Any notice to HII shall be addressed to:

                            Hitachi Instruments, Inc.
                            3100 North First Street
                            San Jose, CA 95134
                            USA
                            Attention:  Mark McDonald
                            Telephone: (408) 955-7001
                            Telecopier: (408) 432-8258

Any change in address shall be promptly communicated by either Party to the
other Party.

         Section 16. NO ASSIGNMENT. No Party shall assign its rights or delegate
its duties under this Agreement without written consent of the other Party. Any
assignment, delegation or transfer of this Agreement or any interest herein is
void and cause for termination of this Agreement.

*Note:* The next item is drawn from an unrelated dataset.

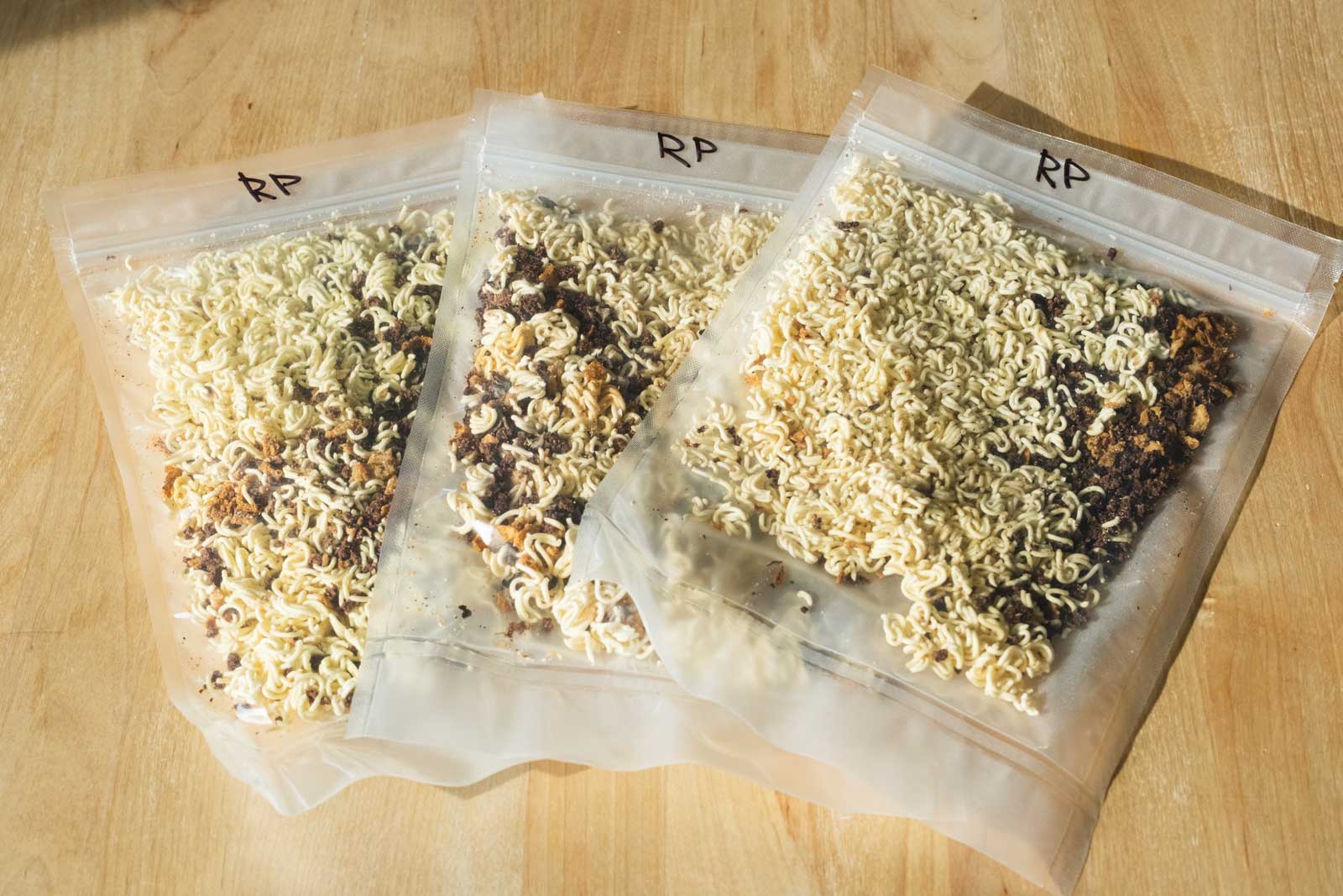 Valmistus: Murskaa pikanuudelit ja laita kaikki ainekset zippivakuumipussiin. Sulje pussi vakuumikoneella. Maastossa kaada pussiin kiehuvaa vettä, sulje hetken ajaksi ja nauti suoraan pussista.

         Section 17. WAIVER. Any failure or delay by any Party in exercising any
right or remedy in one or many instances will not prohibit a Party from
exercising it at a later time or from exercising any other right or remedy.

         Section 18. MODIFICATION. No part of this Agreement may be waived,
modified or supplemented in any manner whatsoever (including a course of dealing
or of performance or usage of trade) except by a written document signed by
authorized officers of the Parties.

         Section 19. GOVERNING LAW. This Agreement and any questions, claims,
disputes or litigation concerning or arising from this Agreement shall be
governed by the laws of California, United States of America without giving
effect to the conflicts of law doctrines of any state, provided that the Federal
Arbitration Act shall apply in place of and instead of the California
Arbitration Act and the California International Arbitration Act.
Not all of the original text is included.